Dr Yousef Al-Ahmad, membre d'Alkarama et très engagé sur la douloureuse question de la détention arbitraire en Arabie Saoudite a été arrêté à Damman le 8 juillet 2011 par des agents de la direction générale des renseignements. Il est depuis détenu arbitrairement.
Le Dr Yousef Abdullah AL-AHMAD (يوسف بن عبد الله بن أحمد الأحمد), âgé de 42 ans habite à Riyad. Il est professeur d’université et doyen à la faculté de droit et des sciences religieuses à l’Université Mohamed Ibn Saoud à Riyad. Personnalité connue et respectée dans les milieux académiques, il a publié une trentaine d’ouvrages. En tant que défenseur des droits de l’homme en Arabie Saoudite, il est également membre d'Alkarama.
Dr AL-AHMAD a été arrêté à Dammam le 08 juillet 2011 vers 17 heures au domicile de son père, auquel il rendait visite, par des agents de la direction générale des renseignements (Al Mudiriya al aama li al mabahit) qui n’étaient pas munis d’un mandat de justice et qui ne l’ont pas informé des motifs de son arrestation. Il s’est vu immédiatement confisquer son ordinateur portable, son téléphone ainsi que les clefs de son véhicule.
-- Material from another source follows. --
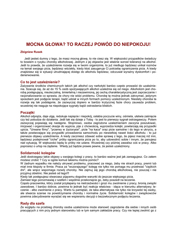 MOCNA GŁOWA? TO RACZEJ POWÓD DO NIEPOKOJU! Zbigniew Rusek Jeśli jesteś dumny z tego, Ŝe masz mocną głowę, to nie ciesz się. W większości przypadków świadczy to bowiem o ryzyku choroby alkoholowej. Jednym z jej objawów jest właśnie wzrost tolerancji na alkohol. Jeśli to prawda, Ŝe uzaleŜnienie rozwija się w twoim organizmie, to juŜ niedługo będziesz unikał rozmów na temat swojego picia, będziesz wściekły, kiedy ktoś zasugeruje Ci potrzebę ograniczenia picia. A kiedy znajdziesz się w sytuacji utrudniającej dostęp do alkoholu będziesz, odczuwał wyraźny dyskomfort i podenerwowanie. Co to jest uzaleŜnienie? ZaŜywanie środków chemicznych takich jak alkohol czy narkotyki bardzo często prowadzi do uzaleŜnienia. Szacuje się, Ŝe aŜ do 15 % osób spoŜywających alkohol uzaleŜnia się od niego. Alkoholizm jest chorobą postępującą, nieuleczalną, śmiertelną i niezawinioną, jej cechą charakterystyczną jest zaprzeczanie i racjonalizowanie co sprawia, Ŝe chory nie widzi problemu. Chorobę tę moŜna jednak zatrzymać, jedynym sposobem jest podjęcie terapii, bądź udział w innych formach pomocy uzaleŜnionym. Niestety choroba ta rozwija się tak podstępnie, Ŝe zazwyczaj dopiero w bardzo krytycznej fazie chory zauwaŜa problem, wcześniej nie reaguje na niepokojące sygnały bądź ostrzeŜenia bliskich. Początki Alkohol odpręŜa, daje ulgę, redukuje napięcie i niepokój, osłabia poczucie winy, ośmiela, ułatwia zaśnięcie czy teŜ pobudza do działania. Jeśli tak się dzieje z Tobą - to jest to pierwszy sygnał ostrzegawczy. Potem zazwyczaj pojawiają się następne. Stopniowo, osoba zagroŜona uzaleŜnieniem zaczyna poszukiwać, inicjować i organizować okazje do wypicia, pije z chciwością, wyprzedza kolejki, powtarzają się przypadki upicia. "Urwane filmy", "przerwy w Ŝyciorysie", picie "na kaca" oraz picie samotne i do tego w ukryciu, a takŜe powtarzające się przypadki prowadzenia samochodu po niewielkiej nawet ilości alkoholu - to juŜ pierwsze objawy uzaleŜnienia. A kiedy zaczniesz zdawać sobie sprawę z tego, Ŝe pijesz inaczej niŜ inni, będziesz podejmował "ciche" próby ograniczania picia po to, aby udowodnić sobie i innym, Ŝe panujesz nad sytuacją. W większości będą to próby nie udane. Wcześniej czy później zawalisz coś w pracy. Albo poprosisz o urlop na Ŝądanie. Wtedy juŜ będzie prawie pewne, Ŝe jesteś uzaleŜniony. Solidarność kolegów Jeśli dostrzegasz takie objawy u swojego kolegi z pracy, to bardzo waŜne jest jak zareagujesz. Co zatem moŜesz zrobić ? Czy w ogóle komuś takiemu moŜna pomóc? W Ŝadnym wypadku nie naleŜy ukrywać problemu, pracować za niego, Ŝeby nie stracił pracy, premii lub miał inne kłopoty w firmie. Praca za "wczorajszego" kolegę nie tylko nie pomaga mu przetrwać "cięŜkich dni", ale wręcz wspomaga rozwój choroby. Nie zajmuj się jego chorobą alkoholową, nie pouczaj i nie przyjmuj obietnic. Nie jesteś od tego!!! Kiedy tak postępujesz stwarzasz pijącemu dogodne warunki do jeszcze większego picia. Zamiast tego porozmawiaj z szefem i wspólnie przekonajcie go, Ŝeby poszedł na leczenie. Często pracownika, który został przyłapany na nietrzeźwości i grozi mu zwolnienie z pracy, bronią związki zawodowe. I bardzo dobrze, powinna to jednak być reakcja właściwa - idąca w kierunku alternatywy; leczenie - albo zwolnienie z pracy. Warto tu pamiętać, Ŝe taka alternatywa nie tylko nie krzywdzi tej osoby, ale stwarza szanse na powstrzymanie choroby i normalne Ŝycie. Solidarność kolegów i związkowców powinna zdecydowanie wyraŜać się we wspieraniu decyzji o bezzwłocznym podjęciu leczenia. Rady dla szefa Ze względu na przebieg choroby osoba uzaleŜniona moŜe stanowić zagroŜenie dla siebie i innych osób pracujących z nim przy jednym stanowisku lub w tym samym zakładzie pracy. Czy nie lepiej zwolnić go z pracy? NIE! Warto wiedzieć, Ŝe chorobę alkoholową moŜna leczyć. Wiele osób podejmujących i kończących terapię oraz utrzymujących kontakt z grupami samopomocowymi utrzymuje trwałą abstynencję. Osoba uzaleŜniona, jeśli jest trzeźwa, jest równie wydajnym i kompetentnym pracownikiem jak ktoś, kto nie jest uzaleŜniony. Szkolenie i przyuczanie nowego pracownika jest droŜsze i bardziej czasochłonne niŜ leczenie uzaleŜnionego. Z drugiej strony ukrywanie problemu moŜe stwarzać zagroŜenie dla innych pracowników i sprzyjać dalszemu rozwojowi choroby alkoholowej. Dlatego niezwykle waŜne są działania mające na celu szybkie reagowanie na sygnały mogące wskazywać na istniejący problem. DuŜą rolę moŜe mieć właściwa reakcja przełoŜonego w pracy. Szef jest bowiem osobą do której ma się duŜe zaufanie. Utrata pracy dla osoby uzaleŜnionej to początek procesu wykluczenia społecznego. To często sprawa Ŝycia i śmierci. Dlatego teŜ w sytuacji, kiedy zauwaŜasz jakieś niepokojące sygnały to powinieneś właściwie zareagować. Ty jako szef zwracaj szczególna uwagę, kiedy Twój pracownik: " " " " " " " " " " często przychodzi do pracy "wczorajszy", często bierze pojedyncze dni wolnego, często korzysta ze zwolnienia lekarskiego, szczególnie po weekendach, spóźnia się do pracy lub wcześniej wychodzi ma trudności z koncentracją, z zapamiętywaniem obowiązków jest nietrzeźwy w pracy, ma okresy, kiedy pracuje efektywnie i okresy tzw. "migania się", przeŜywa zmienne nastroje, pogarsza się jego wygląd trzęsie się, nadmiernie pije napoje To moŜe to oznaczać, Ŝe ma problem z alkoholem !!! Art. 52 Kodeksu Pracy … ale … Zgłoś problem do bezpośredniego przełoŜonego lub do wyspecjalizowanego pracownika działu kadr. Taka osoba moŜe podjąć interwencję związaną z pomocą osobie uzaleŜnionej. Jeśli nie ma w Twoim zakładzie pracy takiej osoby, to warto skonsultować taki przypadek z najbliŜszą poradnią terapii uzaleŜnień. Osoby uzaleŜnionej nie trzeba pozbawiać pracy

Quelques heures plus tard, dans la nuit et en dehors des heures légales de perquisition, son domicile à Riyad a été fouillé, toujours sans mandat de justice, par des agents des services de renseignements qui ont notamment emporté de nombreux documents personnels.
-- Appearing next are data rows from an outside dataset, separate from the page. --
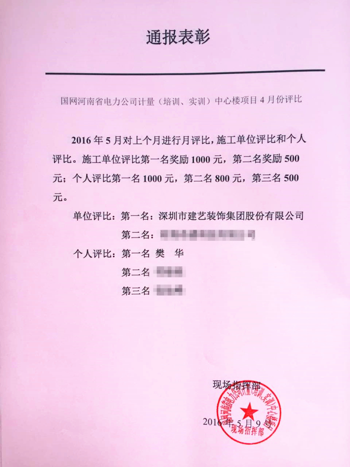 建藝集團項目部在國網(wǎng)河南省電力公司計量(培訓(xùn)、實訓(xùn))中心樓項目施工進度考核中成績優(yōu)異,完成了電力公司對各施工單位的考核節(jié)點任務(wù),獲得“先進集體”獎勵及“先進項目經(jīng)理”個人獎勵。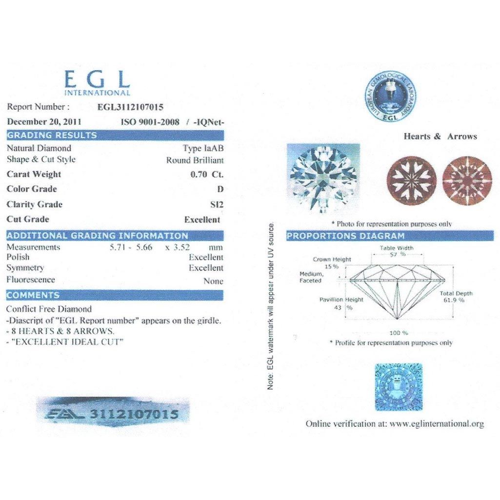 Diamond EGL Cert. Round 0.70 ctw D, Si2 **|**|** 5.71-5.66x3.52mm;Cut Excellent; Polish Excellent; Symmetry Excellent; Fluo None; Depth 61.9%; table 57% ; MSRP: $7000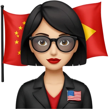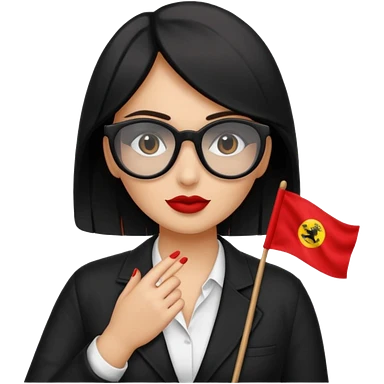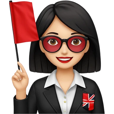 Una mujer morena (de pelo) con una coleta de color negro) y gafas de sol de color negro y una bandera roja en la mano emoji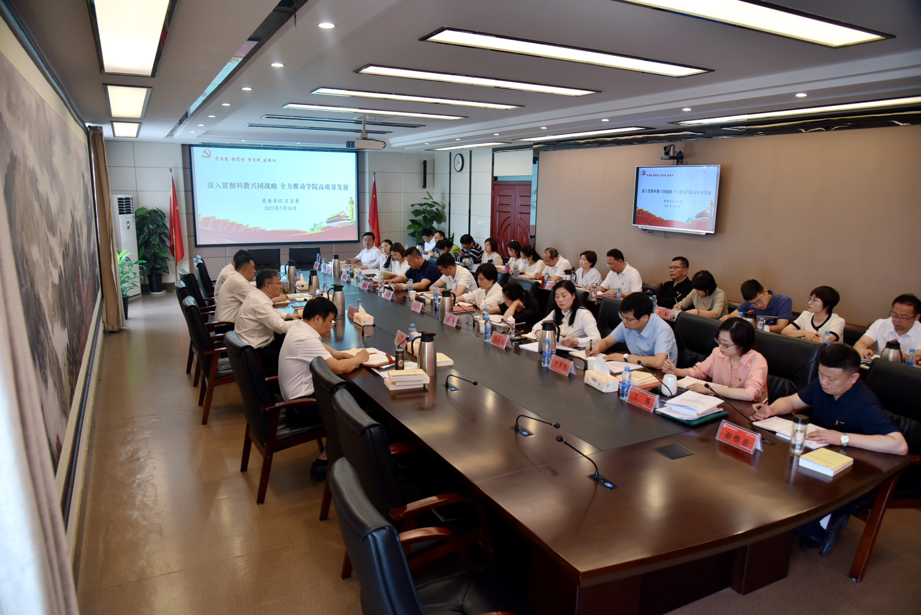 万玉青作了题为《深入贯彻科教兴国战略全力推动学院高质量发展》的辅导报告。他指出,在推动教育事业高质量发展的大格局中,党的二十大报告特别强调“推进职普融通、产教融合、科教融汇,优化职业教育类型定位”,进一步明确了新时代新征程上职业教育发展的总基调。

Le lendemain, samedi 09 juillet , M. Al-Ahmad a été transféré à bord d’un avion spécial des services de sécurité à Riyad où il a été emmené au siège de ces mêmes services. Plus tard dans la soirée, il a été autorisé à contacter très brièvement sa famille par téléphone pour les informer qu’il se trouvait à Riyad et qu’il faisait officiellement l’objet de l’accusation de « sortir de l’autorité du roi » (sédition) et de « désobéissance publique envers l’autorité ».
Selon ses proches ainsi que les militants des droits de l’homme dans le pays, il ne fait aucun doute que cette arrestation est motivée par le rôle particulièrement actif joué par le Dr Al-Ahmad sur la question des personnes détenues arbitrairement dans le pays.
Dr AL-AHMAD est en effet personnellement engagé sur cette douloureuse question et il est notamment en contact avec de très nombreuses familles de victimes qui le sollicitaient pour intercéder en leur faveur auprès des autorités royales.
Il a ainsi en date du 17 mai 2011, adressé un Memorandum au Roi au nom de 1225 familles de victimes, dans lequel il dresse le bilan extrêmement préoccupant de la situation des droits de l’homme dans le pays et le saisit de la dégradation de la situation de ces personnes détenues sans jugement depuis de nombreuses années. Ce Memorandum a été rendu public et a suscité l’ouverture d’un large débat dans la société civile saoudienne sur la question notamment de la nécessité du respect des dispositions légales internes.
Le Dr AL-AHMAD a également critiqué la répression d’une manifestation pacifique des familles des victimes devant le ministère de l’intérieur le 1er juillet 2011 et de l’arrestation des mères et épouses de prisonniers politiques.
Le 06 juillet suivant, dans un enregistrement vidéo posté sur le site YouTube (1), il a réitéré son appel au ministre de l’intérieur à respecter et à appliquer la loi pour résoudre la question des personnes détenues sans jugement et critiqué le rôle joué par les services de son ministère et les graves atteintes à la liberté et à la dignité de milliers de victimes. Dans cet appel, il invite ce dernier à visiter les prisons et centres de détention du pays pour mesurer l’ampleur du problème.
Dr AL-AHMAD a été arrêté à la suite de ces initiatives. Officiellement les autorités l'ont interpellé « dans le cadre de la lutte contre la cybercriminalité », dans le but de mettre un terme aux revendications des familles des victimes qu’il représentet et clore ainsi définitivement tout débat public sur cette question.
Il ne fait donc pas de doute que l’arrestation du Dr AL-AHMAD est motivée par son rôle de défenseur des droits de l’homme qui dénonce régulièrement et avec courage les abus et les violations des droits humains dans son pays ainsi que par l’exercice de son droit à exprimer librement et pacifiquement ses opinions politiques sur un problème de société.
Alkarama a adressé un appel urgent le 13 juillet 2011 à la Rapporteuse spéciale sur la situation des défenseurs des droits de l’homme, lui demandant d'intervenir auprès des autorités saoudiennes. L'appel a été transmis au même moment au Rapporteur spécial sur la liberté d’opinion et d’expression, au Rapporteur spécial sur la torture ainsi qu'au Groupe de travail sur la détention arbitraire.